I have started work on another map for White Dog Games.  This is a redesign of an existing map for a game on the Anzio landing in Italy, 1944.  Here is a look at the original map.  Its not bad...but they figured I could punch it up a notch.

----------


## timallen

Here is the map I have been working on.  The designer wanted to add a fair number of charts and things on the side.  I have simply cut and pasted them on as placeholders for now, except for the Combat Resuts Table, which I have already redone.

I used techniques learned from tutorials here to do the mountains and to do the coastlines, which I love.

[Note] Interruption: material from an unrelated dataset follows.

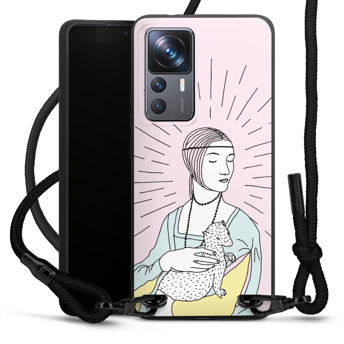 The matt black silicone case is made of flexible TPU (thermoplastic polyurethane) and offers robust protection. The durable, unbreakable material makes the cover flexible and dimensionally stable at the same time. The matte surface makes your design stand out more and is less susceptible to fingerprints and dirt. The stylish trend accessory fits comfortably in the hand and is perfectly complemented by the fabric (polyester) mobile phone strap. The braided fabric strap is approx. 1.70 metres long with a diameter of approx. 0.5 cm. Due to the special knotting technique, the length of the strap can be adjusted by simply pulling it, so that you can adapt it individually to your wishes. The practical case to wear around your neck is available with the fabric strap in black. As a little icing on the cake, we have provided the strap with a chic metal fastener in matt black. The strap is securely fastened to the case with loops made of high-quality genuine leather and press studs. The ends of the fabric strap are covered with metallic end caps and thus protected from fraying.

Hmmm...now that I am looking at the jpeg, I'm not loving the three toned mountains.  Probably need to dump the middle mustardy coloured layer.

----------


## Riggamorphus

I like the Hex border built into the edges.  Really neat.  The mountains are just right and the mustard color doesn't bother me, it sets it apart.  But maybe a brown or purple color if you still need options.

----------


## Steel General

Coming along nicely...heckuva improvement over the original.

----------


## Aval Penworth

yeah, this looks cool. I'd ask to play a game if I saw the board on your coffee table.

----------


## JosepM

Very nice, can show what Tutorials read for obtain these results or a little step by step? I want redesign one old map from a game and I like this style..

Salut,
Josep

----------


## timallen

Sorry: I completely missed this!

Tell you what- the next time I start in on a game map, I will try to create some tutorials as I go.

----------